If I have to consider last_consistent_gets to be low, I see the elapsed time is more.
And for other query elapsed time is less but last_consistent_gets are more.
It’s very confusing.
The elapsed time is usually the most important metric for Oracle performance. In theory, we may occasionally want to sacrifice the run time of one SQL statement to preserve resources for other statements. In practice, those situations are rare.
In your specific case, there are many times when a statement that consumes more consistent gets is both faster and more efficient. For example, when retrieving a large percentage of data from a table, a full table scan is often more efficient than an index scan. A full table scan can use a multi-block read, which can be much more efficient than the multiple single-block reads of an index scan. Storage systems generally are much faster at reading large chunks of data than multiple small chunks.
The below example compares reading 25% of the data from a table. The index approach uses only half as many consistent gets, but it is also more than twice as slow.
Sample Schema
Create a simple table and index and gather stats.
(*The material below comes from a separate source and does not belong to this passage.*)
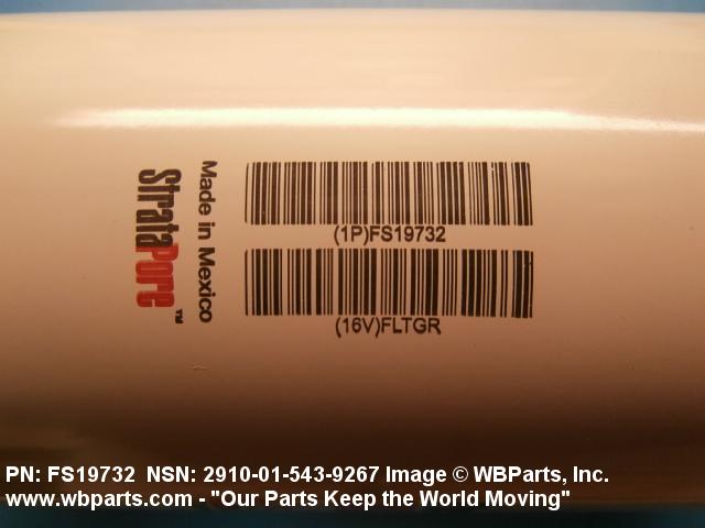 2910-01-543-9267 A replaceable device designed to remove solid particles from fluids ranging in density from heavy liquids to gases. The removal of particles is accomplished by porous material (metallic or non-metallic), stacked disks, wound wire, or the like, constructed so the fluid can flow through the device while the solid particles are retained. It may be designed to fit into a FILTER, FLUID (or similar cavity), or it may have an integral outer casing and mounting facilities and be designed to connect directly to an engine, compressor, or the like. The degree of removal of particles must be nominally rated at less than 50 microns or absolutely rated at less than 75 microns. Excludes FILTER ELEMENT, AIR CONDITIONING. See also STRAINER ELEMENT, SEDIMENT.20916500058Aircraft Hydraulic, Vacuum, and De-icing System Components29100042Engine Fuel System Components, Nonaircraft29150064Engine Fuel System Components, Aircraft and Missile Prime Movers29400064Engine Air and Oil Filters, Strainers, and Cleaners, Nonaircraft29450059Engine Air and Oil Filters, Cleaners, Aircraft Prime Moving43300057Centrifugals, Separators, and Pressure and Vacuum Filters5999000065300053Hospital Furniture, Equipment, Utensils, and Supplies66300029Chemical Analysis Instruments

create table test1(a number, b number);
insert into test1 select level, level from dual connect by level <= 1000000;
create index test1_ids on test1(a);
begin
dbms_stats.gather_table_stats(user, 'TEST1');
end;
/
Autotrace
The code below shows the full table scan consumes 2082 consistent gets and forcing an index access consumes 1078 consistent gets.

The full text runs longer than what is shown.